Chelsea fans will never forget the sight of Azpilicueta consoling Thiago Silva as he hobbled from the field in the first half, helping the crestfallen centre-back as he fought back tears of pain and frustration over a groin injury. Thiago's own response was also a window into Chelsea's spirit. Rather than feel sorry for himself, the Brazilian spent the rest of the game shouting encouragement from the sidelines. That unity again. Back on the field, Azpilicueta was continuing to galvanise the team, and the desire of all in blue highlighted their togetherness.

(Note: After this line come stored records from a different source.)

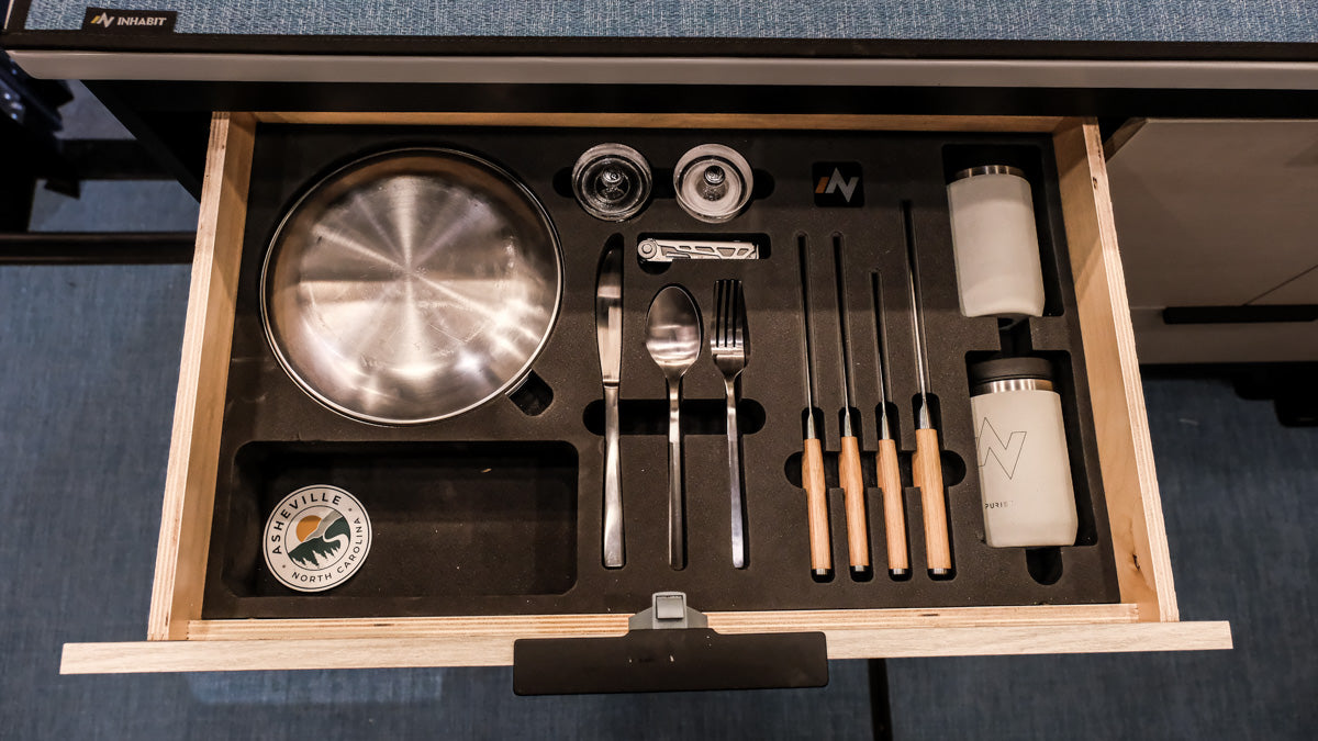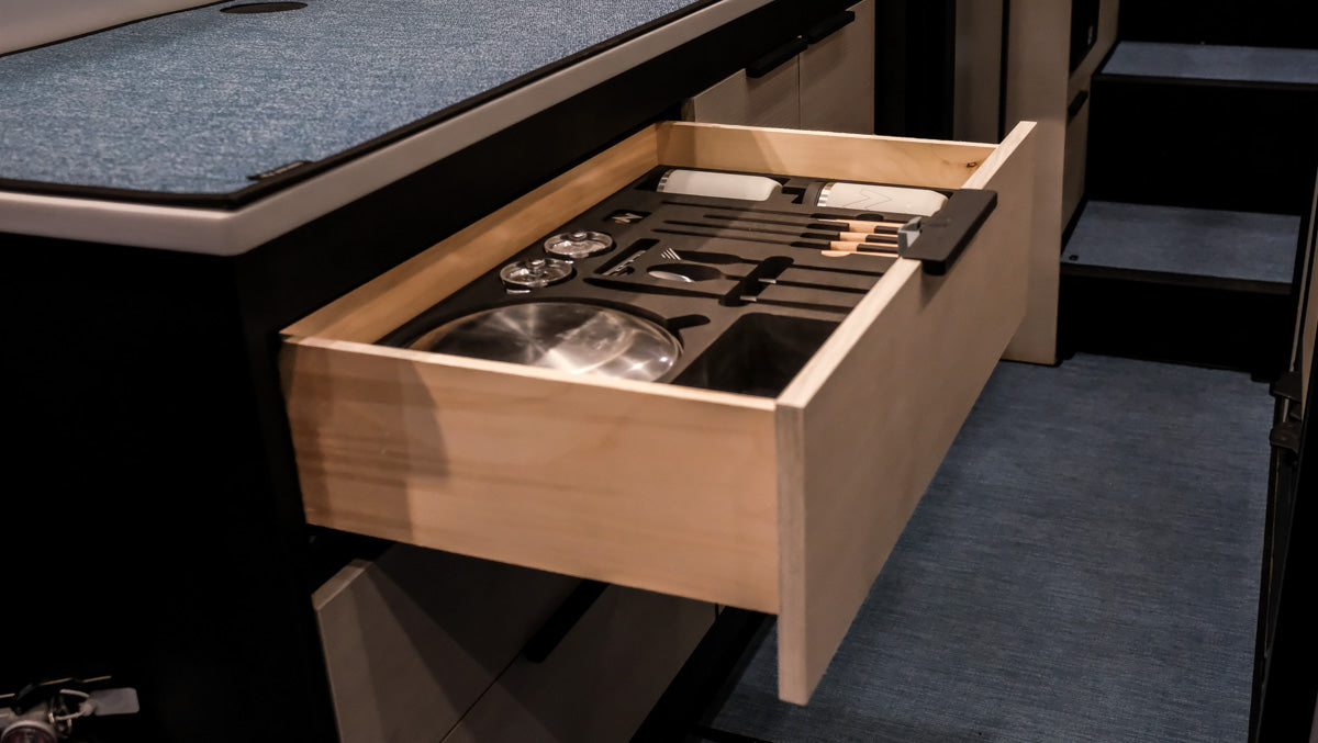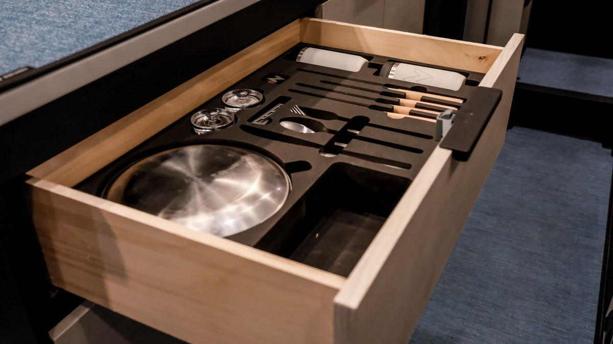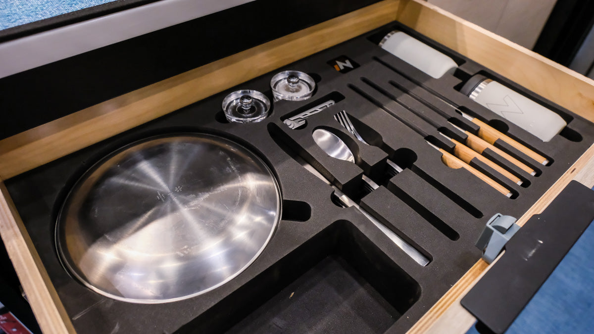 The Tiffin Open Trail Drawer Set occupies just one of your existing drawers. The insert is designed to fit snugly in the factory drawer. The contents consist of the finest implements available: Shun knives made from Damascus Steel, Purist insulated (glass-lined) cups with scoping lids, Peugeot salt and pepper grinders, Snow Peak plates and bowls, Gerber multi-tool, and Crate and Barrel flatware.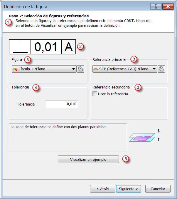 Las áreas de Figura y Referencia permiten seleccionar la figura a verificar y los elementos de referencia respecto de los que se verifica. Haga clic en el botón de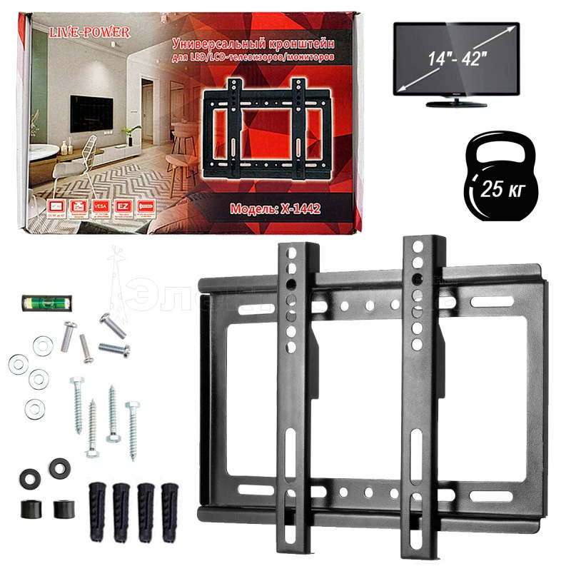 Кронштейн для телевизора 14-42" Live-Power X-1442 на стену для ТВ/Монитора до 25кг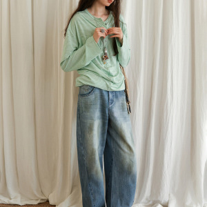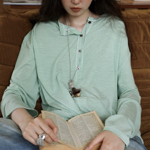 莱塞尔亲肤软糯丝滑绿白条纹松弛感堆褶亨利领针织长袖T恤

Scrolling through the images of events after the final whistle revealed that collectively even more. Sergio Aguero stands there, stunned, hands on hips, heartbroken, as Kurt Zouma strides past, holding Kante aloft. On the touchline, Tuchel is mobbed by his backroom team, all letting out screams of joy. All that hard work, preparing to counter Manchester City, preparing their own team to defend with discipline and determination, was rewarded. All the team ethic they have instilled carried Chelsea through those testing last minutes, and that seemingly eternal, infernal stoppage time.

The fans’ pictures showed Azpilicueta collecting the European Cup, giving it a gentle kiss, descending from the stage and then running to the players, sharing the moment with them, hoisting it high. Some of the truest images of Chelsea’s togetherness came in front of the fans, a special reunion given so many months apart because of the pandemic and games played behind closed doors. Absence made the heart beat faster.

Back together, stands and dressing room. Azpilicueta pointed the Champions League trophy to the blue heavens again, this time up close and personal with the fans, lifted even higher when Olivier Giroud arrived to elevate his captain. One by one the players raised the trophy, Reece James, then Havertz stretching out his hands to get a go. Each player was cheered and serenaded by the fans. A club at one. In the background, Antonio Rudiger, Zouma, Giroud and Tammy Abraham were giving Kante the celebratory, affectionate bumps. Kante didn’t put a foot wrong in the game, and hardly put a foot on the ground after the final whistle!

Everywhere you looked in the fans’ and club’s photos, there were vivid signs of this togetherness. There was Tuchel and the beaming owner, Roman Abramovich, meeting for the first time. Not a bad first meeting, here’s the European Cup, boss! There was Thiago hugging Tuchel, fast forward a year from the image in Lisbon of their pair sharing the anguish of Paris Saint-Germain’s defeat in last season’s final. Now glory. Persistence rewarded.

As the evening wore on, more photographs emerged, from the players. Mount posted a shot of him in his earliest days at Chelsea, just a smiling speck of a kid in a blue strip to this, a man clutching the Champions League. James posted similar of his journey through the Academy. The joyous juxtaposed images are so important. They displayed what can be achieved by dedication, and by the support of family and coaches helping talent blossom. They were a wonderful advertisement of the Chelsea Academy. Like Azpilicueta, Mount and James show that togetherness binding Chelsea so closely.

Looking ahead, this gallery of pictures demonstrates why Chelsea will be such a threat over the sustained steeplechase of the Premier League next season. Talent and togetherness are a powerful combination.